Not everyone’s down with the plan, man. Jordan Ciervo, who already flips Chick-fil-A sandwiches about a mile and a half down the road at 1290 Auto Park Way, isn’t buying the dream of another deep fryer humming so close. “It’s not about spreading the love,” he said, shaking his head, “It’s just slicing up my slice of the pie.” He warned of layoffs—“a significant part” of his crew might walk the plank—but the council shrugged it off, a 4-1 vote paving the way for the new location anyway.
Meanwhile, Escondido’s past fades a little further into the rearview mirror.
And the hits kept coming. The council also gave the green light to flatten the Pho Truc Xanh building, a Googie-style relic from 1962. Eligible for historic status? Sure. Sacred enough to stop the bulldozers? Not so much.
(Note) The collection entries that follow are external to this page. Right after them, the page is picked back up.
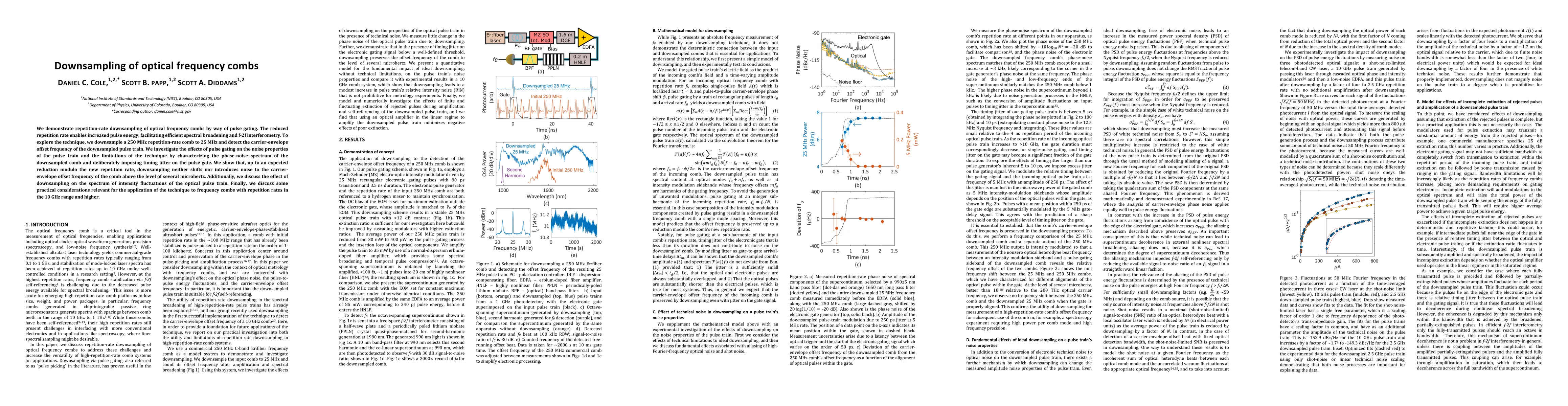 We demonstrate repetition-rate downsampling of optical frequency combs by way of pulse gating. The reduced repetition rate enables increased pulse energy, facilitating efficient spectral broadening and f-2f interferometry. To explore the technique, we downsample a 250 MHz repetition-rate comb to 25 MHz and detect the carrier-envelope offset frequency of the downsampled pulse train. We investigate the effects of pulse gating on the noise properties of the pulse train and the limitations of the technique by characterizing the phase-noise spectrum of the downsampled comb and deliberately imposing timing jitter on the pulse gate. We show that, up to an expected reduction modulo the new repetition rate, downsampling neither shifts nor introduces noise to the carrier-envelope offset frequency of the comb above the level of several microhertz. Additionally, we discuss the effect of downsampling on the spectrum of intensity fluctuations of the optical pulse train. Finally, we discuss some practical considerations relevant for the application of the technique to frequency combs with repetition rates in the 10 GHz range and higher.
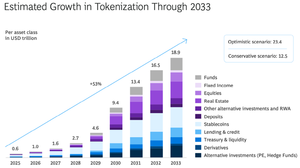 一方、ボストン・コンサルティング・グループとリップルは、トークン化されたRWA市場が2025年の6000億ドルから2033年には18兆9000億ドルに拡大する可能性があると述べている。
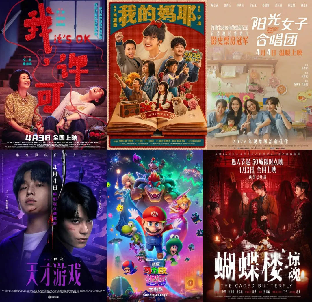 亲情题材成为本档期的主角,《我,许可》《我的妈耶》《阳光女子合唱团》三部亲情电影集结大银幕,诠释温暖治愈的力量。《天才游戏》《蝴蝶楼·惊魂》《午夜电梯》等悬疑惊悚类型片,则为观众带来高能刺激的感官体验。热门系列动画续作《超级马力欧银河大电影》也趣味来袭。
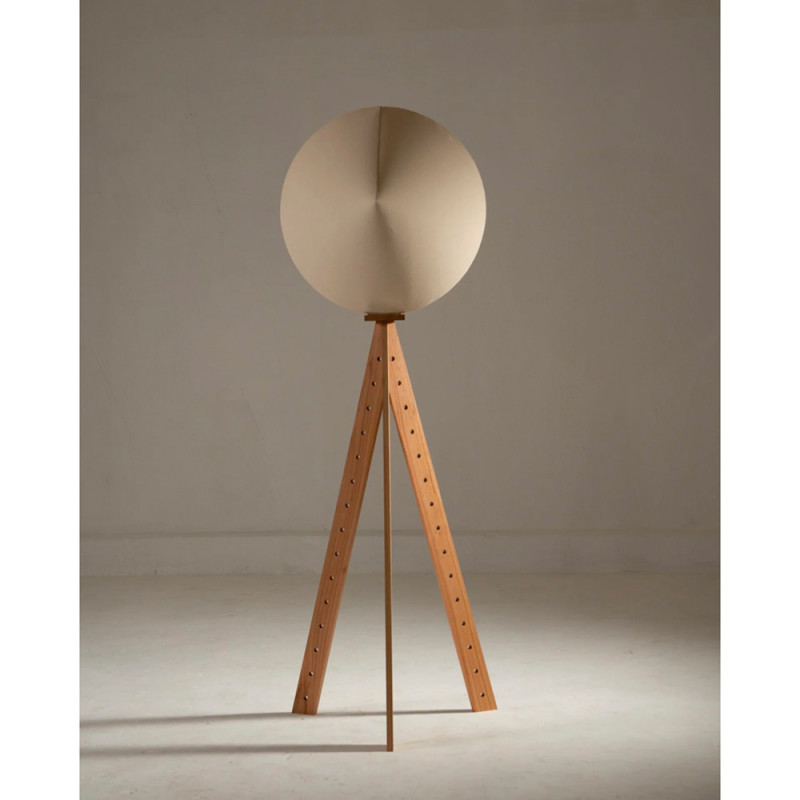 A linen cone unfolds atop a tripod structure, its perforated legs echoing the precision of technical assemblies.
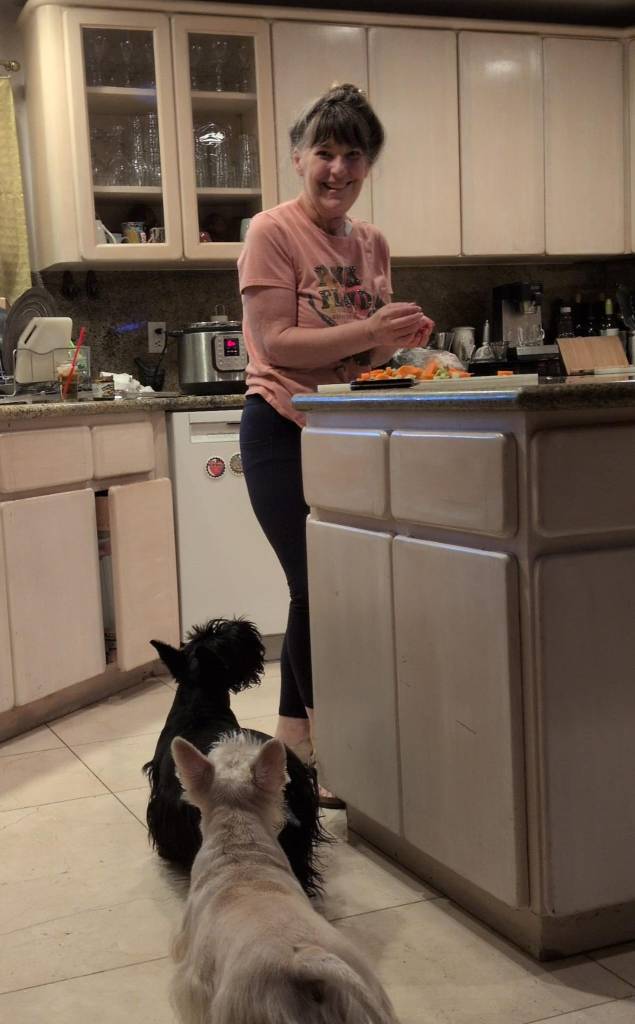 10/28 6:00pm-making beef stew with loyal followers at her heel

City staff waved it off—better-preserved examples are scattered elsewhere, they said, as if history’s just a buffet of options.
What’s coming instead? A lineup of big-brand hustlers: Starbucks, Chipotle, maybe a Pollo Campero, straight outta Guatemala, ink still wet on the developer’s deal. They’ll all cram onto the lot, rubbing elbows with the Quality Inn. The grand design includes lane realignments, a traffic signal, and a shiny new access point off Centre City Parkway—because, hey, nothing says progress like reconfiguring where cars go to wait in line.
Councilmember Martinez was the lone holdout, voting no and calling out the $412,000 fee waiver handed to the developers like a gift wrapped in red tape. “It’s not fair,” she said, “and honestly, the loss of these buildings stings.” Deputy Mayor Christian Garcia sat this one out—something about a campaign donor with ties to the deal. The rest of the council saw dollar signs and green-lit the fee break, praising the promise of revitalization and tax revenue. “Blight must go,” declared Councilmember Mike Morasco. The others nodded. Progress marches on
The developers claim the projects will rake in $1.5 million in taxes over a decade and birth 125 new jobs. Construction kicks off next year, they say, the future rolling forward with a Starbucks buzz and a Chick-fil-A churn.